Retour sur les épistoliers

Insister comme on vient de le faire sur la dimension politique des prises de parole permet de compléter la définition - uniquement sociographique - proposée des épistoliers en tenant cette fois compte des configurations spécifiques du jeu politique dans lequel ils sont engagés. Norman H. Nie et Sydney Verba notent en effet que les personnes qui, dans une conjoncture donnée, forment une minorité par rapport à une opinion publique dominante, auront tendance à se rabattre sur le contact direct dans leurs tentatives de contestation. Certains groupes minoritaires auraient recours au contact direct comme seule voie encore disponible pour se faire entendre. Ce serai le cas de la population noire aux Etats-Unis (qui, privée du recours aux intermédiaires traditionnels, s’engage dans ce type de contact), ou encore des personnes les plus défavorisées (dont les intérêts ne sont que rarement interprétés par des porte-parole). Cette absence de relais pourrait également tenir non pas à la nature du groupe mais à une conjoncture particulière : les partisans du maire momentanément en désaccord avec la politique que ce dernier conduit peuvent être conçus comme des individus n’ayant plus d’expression auprès du champ politique313.

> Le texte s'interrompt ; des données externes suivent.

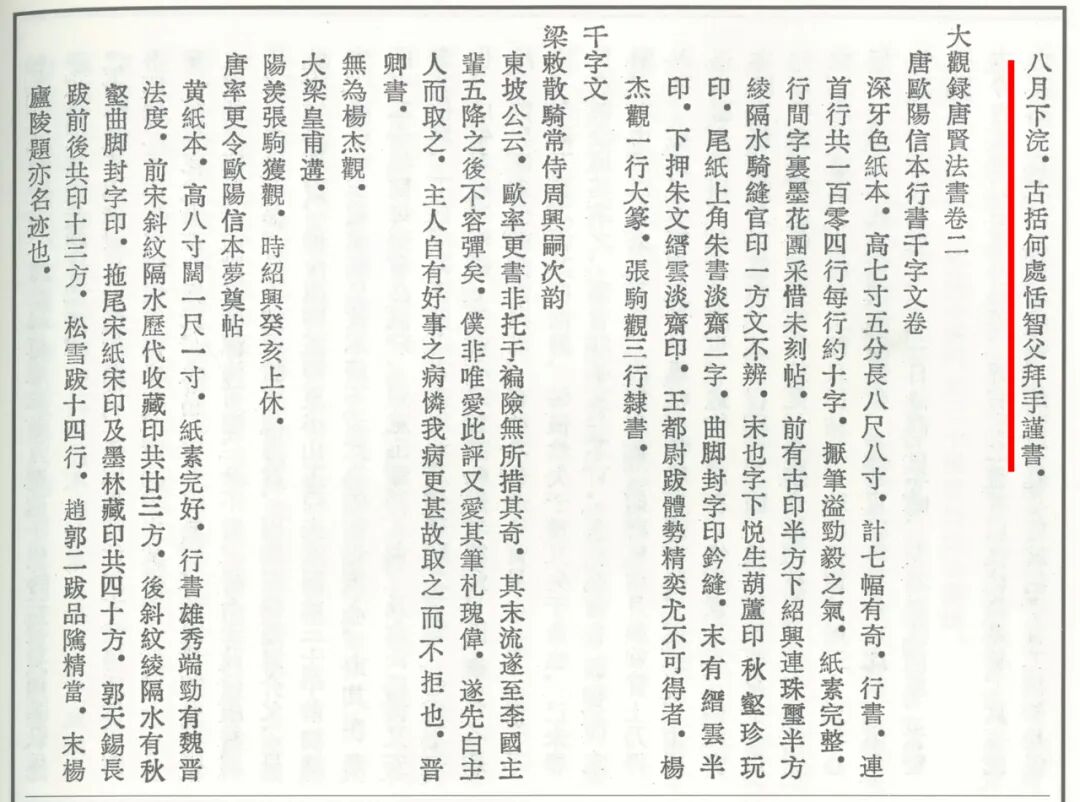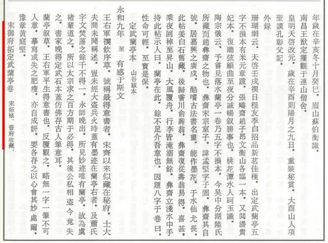 后又记《宋游丞相藏兰亭三种》:『此三种宋游丞相所藏。丞相名似,字景仁,藏兰亭凡百种。余在京师时曾见二十余种,此其三也,一摹定武,一摹褚本,一集兰亭字。每卷前后各以杂色笺装之。上有晋府大小印记,盖有明时曾入晋府者。其赵孟林印,则当时装潢款也。余所见游丞相兰亭,每卷之尾皆有题记,唯此三卷失之。而以韦奥宗所集一百五十三字本居前,两卷之间题云,前一本眉州寄居赵使君所刻,后一本带御器械韦君所刻。韦乃太府卿璞之子,显仁后家也。据此则此两卷之所以无题记,实缘互见,非关脱失。至末一集,则失题记,不可考矣。』
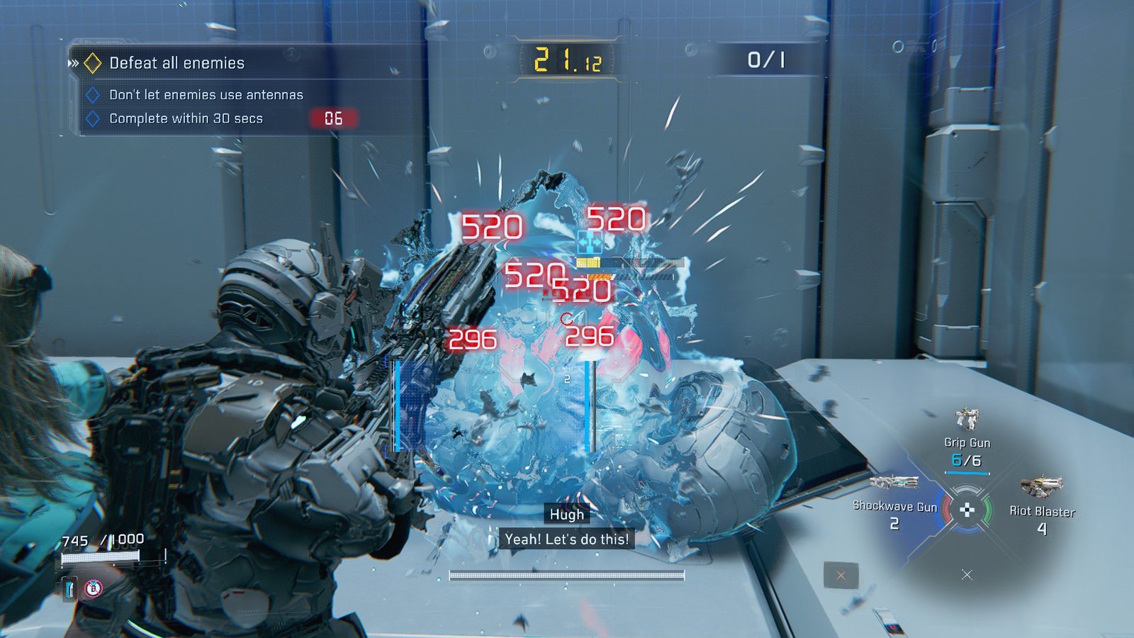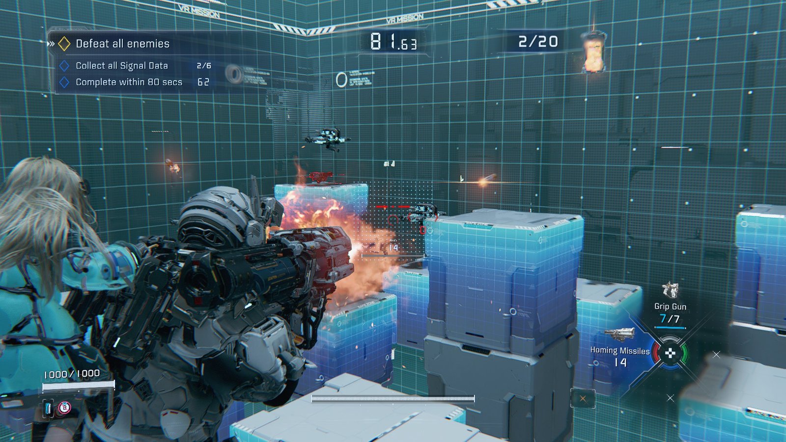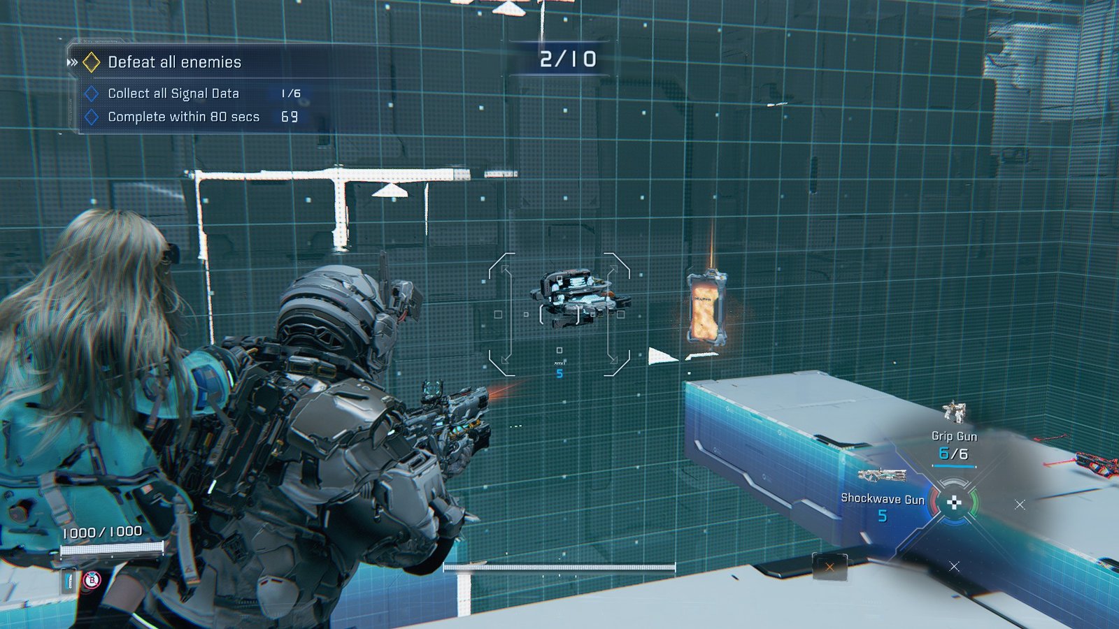 For a full clear, you’ve got to grab the 6 Signal Data packages around the map and clear all enemies in 80 seconds. The drones appear in bunches across the map, right beside the Shockwave Gun pickups.
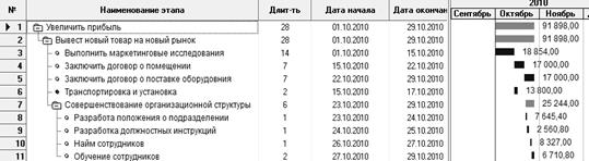 На рисунке 4.1 изображен календарный план, в котором отражены задачи, необходимые для достижения главной цели, начало, окончание и продолжительность осуществления каждой задачи, а также стоимость ресурсов, необходимых для выполнения каждой задачи.
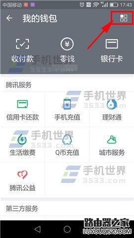 1)打開微信應用,點擊右下角【我】頁面中的【錢包】,然后點擊右上角中的【四個方框符號】;(如下圖)
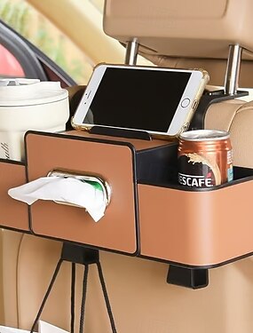 Organizador 3 em 1 para banco traseiro de carro, em couro sintético, com porta-lenços e dois porta-copos. Organizador multifuncional para viagens em família e uso diário.

Privés du porte-parole dans lequel ils se reconnaissent, certains partisans314 en désaccord prennent la parole pour indiquer leur mécontentement au maire qu’ils ont élus. Si l’on ne peut nier l’aspect stratégique de la présentation du locuteur comme partisan315, celui-ci ne peut néanmoins rendre compte de l’ensemble des déclarations des citoyens316. Ainsi, peut on voir dans le recours au contact épistolaire par les partisans déçus une façon de signifier au maire leur désapprobation, sans pour autant être identifiés aux adversaires politiques de ce dernier : conjoncture spécifique où les partisans se retrouvent dans l’opposition sans pour autant s’y identifier317.

Notes
313.

La lettre précédente permet également de penser que des personnes appartenant au groupe minoritaire des catholiques “intégristes”, groupe dont l’accès au champ politique est marginalisé, auront particulièrement recours à ce type de pratique épistolaire.

314.

De façon générale, parmi les 22% de personnes de notre panel indiquant leur position politique, la quasi totalité se déclarent politiquement proches du maire.

315.

La propension des locuteurs à se déclarer favorables à la couleur politique du maire et à son action serait, selon les rédacteurs, une ficelle usée jusqu’à la corde qui serait censée permettre aux demandes ou plaintes d’être accueillies de façon plus favorable par la municipalité : ils “passent de la pommade en disant “j’apprécie votre action”, “c’est très bien ce que vous faites””. Cf. Entretien avec Nicolas Blain, rédacteur au Cabinet du Maire de Lyon, 2-4 juillet 1997.

316.

Pour mesurer l’ampleur de l’usage stratégique qui serait fait de la couleur politique dans les courriers, il faudrait pouvoir comparer de façon systématique les écarts entre les déclarations de vote ou la position sur l’échelle gauche-droite des différents locuteurs et la couleur politique qu’ils affichent dans leur courrier au maire. En attendant, si se présenter comme politiquement proche ou partisan du maire peut relever de la stratégie, cette hypothèse se heurte à un certain nombre de limites. D’abord, il faudrait pouvoir confirmer l’hypothèse selon laquelle les citoyens pensent que l’appartenance à un même bord conduirait à un traitement de faveur de leur courrier par la municipalité. A supposer que cette hypothèse soit vérifiée, reste que l’on pourrait alors se demander pourquoi seulement 20% de la population y aurait recours.

317.

Avec Albert O. Hirschman [Défection et prise de parole, op. cit.] on pourrait qualifier cette situation par une combinaison de prise de parole et de loyauté. C’est par loyauté que certains exprimeront, de façon discrète, leurs reproches au maire, en évitant une prise de parole publique et démonstrative.